- [WHAT YOU NEED TO DO]: Only the lines from the beginning of the data through the line holding "A vibrant assortment" belong in the answer, printed exactly and without pictures.

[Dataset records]
..........

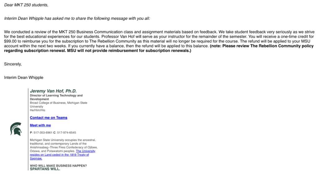 Wisner’s former students recently received an email from the business school’s interim dean informing them that the university will issue $99 account credits as reimbursements for their membership fees. The dean also warned students that they are responsible for canceling their automatically renewing subscriptions and will not be reimbursed by the school for any further charges.
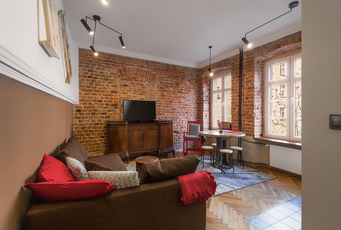 Apartament. Boasting a private entrance, this apartment comes with 1 living room, 1 separate bedroom and 1 bathroom with a walk-in shower and a hairdryer. Guests can make meals in the kitchen that features a stovetop, a refrigerator, a dishwasher and kitchenware. This apartment has a washing machine, flat-screen TV with streaming services, city views, as well as chocolate for guests. The unit has 2 beds. Apartament - 4 osobowy. Powierzchnia pokoju ok.: 37 mkw.
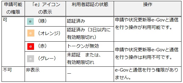 ・ 電子申請利用者権限設定(17.4.4)で設定した申請可能の権限(可/不可)による各操作の詳細は以下のとおりです。
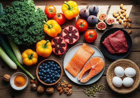 A vibrant assortment of healthy foods: salmon, beef, eggs, berries, tomatoes, greens, nuts, and figs arranged on wooden surface.
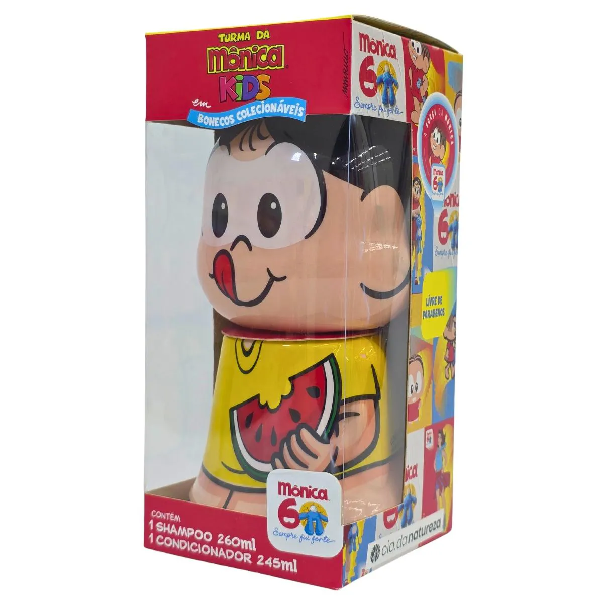 • Para celebrar os 50 anos da Mônica, personagem onipresente e icônica da Mauricio de Souza Produções, a Cia da Natureza renova as embalagens dos bonecos colecionáveis. Sua fórmula possui ingredientes suaves e que não irritam o couro cabeludo. O Shampoo Todos os tipos de Cabelos limpa com suavidade, deixando os cabelos macios, brilhantes e com um delicioso cheirinho! O Condicionador Todos os tipos de Cabelo ajuda a desembaraçar os fios, deixando os cabelos macios e brilhantes.

..........

- [YOUR SOLUTION]:
 Wisner’s former students recently received an email from the business school’s interim dean informing them that the university will issue $99 account credits as reimbursements for their membership fees. The dean also warned students that they are responsible for canceling their automatically renewing subscriptions and will not be reimbursed by the school for any further charges.
 Apartament. Boasting a private entrance, this apartment comes with 1 living room, 1 separate bedroom and 1 bathroom with a walk-in shower and a hairdryer. Guests can make meals in the kitchen that features a stovetop, a refrigerator, a dishwasher and kitchenware. This apartment has a washing machine, flat-screen TV with streaming services, city views, as well as chocolate for guests. The unit has 2 beds. Apartament - 4 osobowy. Powierzchnia pokoju ok.: 37 mkw.
 ・ 電子申請利用者権限設定(17.4.4)で設定した申請可能の権限(可/不可)による各操作の詳細は以下のとおりです。
 A vibrant assortment of healthy foods: salmon, beef, eggs, berries, tomatoes, greens, nuts, and figs arranged on wooden surface.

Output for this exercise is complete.